(MATERIAL PROVIDED)
·····

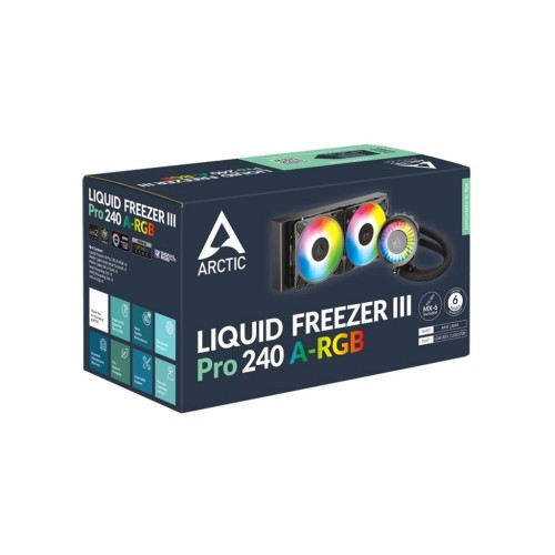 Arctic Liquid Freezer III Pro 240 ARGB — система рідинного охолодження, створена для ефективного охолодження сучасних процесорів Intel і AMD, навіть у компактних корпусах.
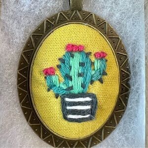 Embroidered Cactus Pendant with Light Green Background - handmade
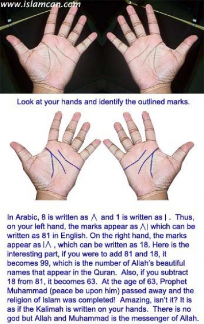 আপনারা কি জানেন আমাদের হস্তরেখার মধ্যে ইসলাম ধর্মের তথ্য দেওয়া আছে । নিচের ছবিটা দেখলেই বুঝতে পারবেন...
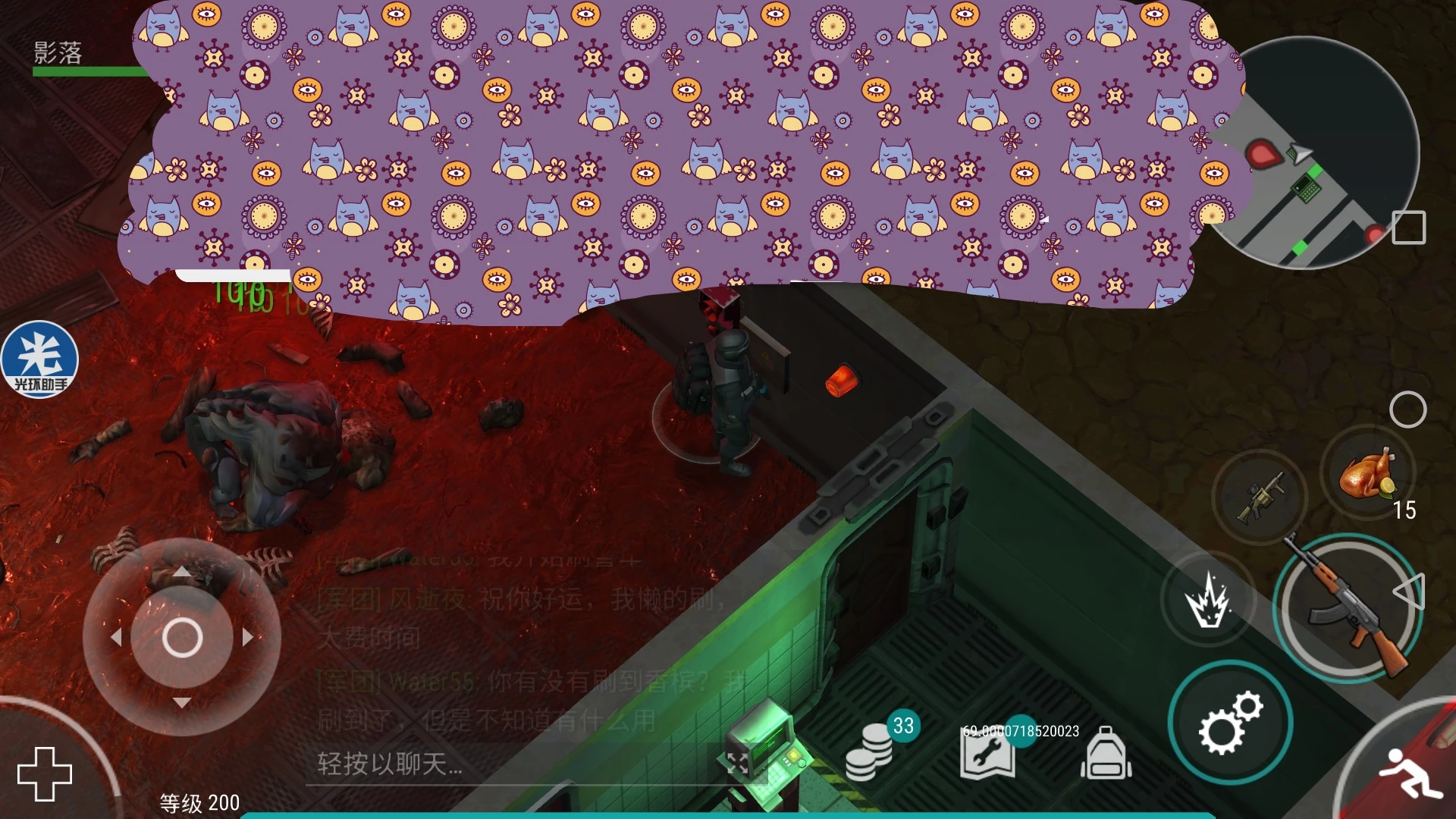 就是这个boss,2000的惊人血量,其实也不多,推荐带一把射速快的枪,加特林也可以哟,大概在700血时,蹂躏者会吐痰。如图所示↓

·····

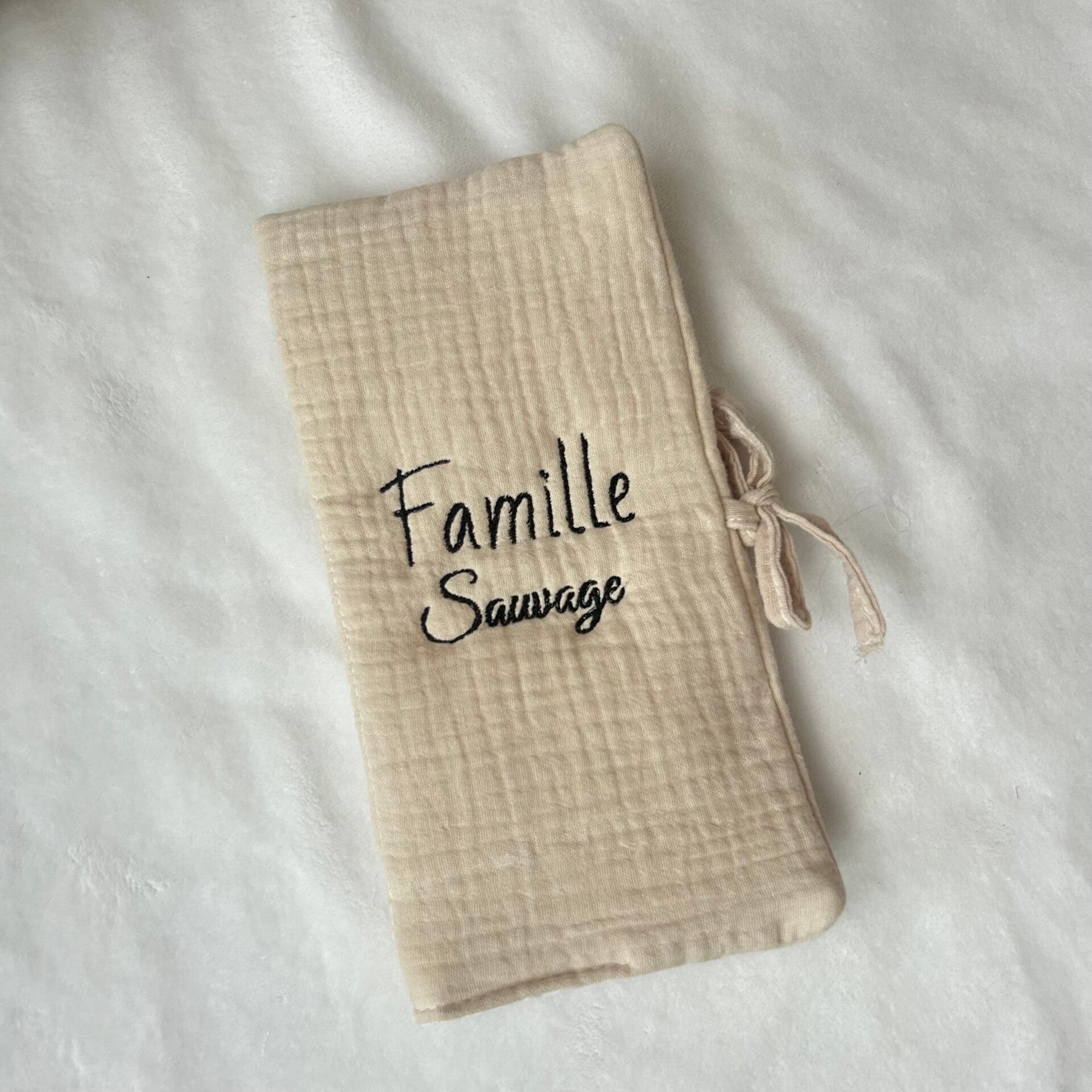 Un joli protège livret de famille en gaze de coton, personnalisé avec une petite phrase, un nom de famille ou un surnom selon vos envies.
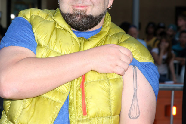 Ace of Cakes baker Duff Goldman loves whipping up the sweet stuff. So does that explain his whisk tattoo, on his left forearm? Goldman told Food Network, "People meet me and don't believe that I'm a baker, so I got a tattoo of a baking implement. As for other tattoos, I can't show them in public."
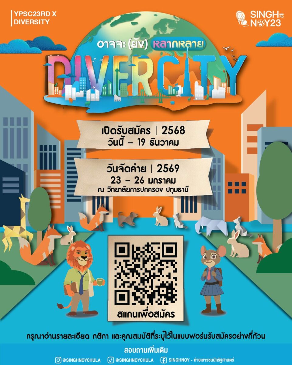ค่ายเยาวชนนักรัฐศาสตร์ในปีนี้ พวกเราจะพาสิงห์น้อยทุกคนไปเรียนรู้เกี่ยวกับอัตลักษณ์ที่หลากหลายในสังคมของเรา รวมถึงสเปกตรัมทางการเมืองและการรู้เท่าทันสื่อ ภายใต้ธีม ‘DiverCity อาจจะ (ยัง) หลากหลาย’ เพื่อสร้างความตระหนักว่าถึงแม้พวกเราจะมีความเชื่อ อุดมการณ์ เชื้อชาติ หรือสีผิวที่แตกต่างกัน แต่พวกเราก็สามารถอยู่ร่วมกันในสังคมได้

·····

(REQUIREMENT)
From the line holding "Arctic Liquid Freezer" to the line holding "就是这个boss,2000的", both included, retype the entries above exactly and drop the pictures.

(RESULT OF THIS EXERCISE)
 Arctic Liquid Freezer III Pro 240 ARGB — система рідинного охолодження, створена для ефективного охолодження сучасних процесорів Intel і AMD, навіть у компактних корпусах.
 Embroidered Cactus Pendant with Light Green Background - handmade
 আপনারা কি জানেন আমাদের হস্তরেখার মধ্যে ইসলাম ধর্মের তথ্য দেওয়া আছে । নিচের ছবিটা দেখলেই বুঝতে পারবেন...
 就是这个boss,2000的惊人血量,其实也不多,推荐带一把射速快的枪,加特林也可以哟,大概在700血时,蹂躏者会吐痰。如图所示↓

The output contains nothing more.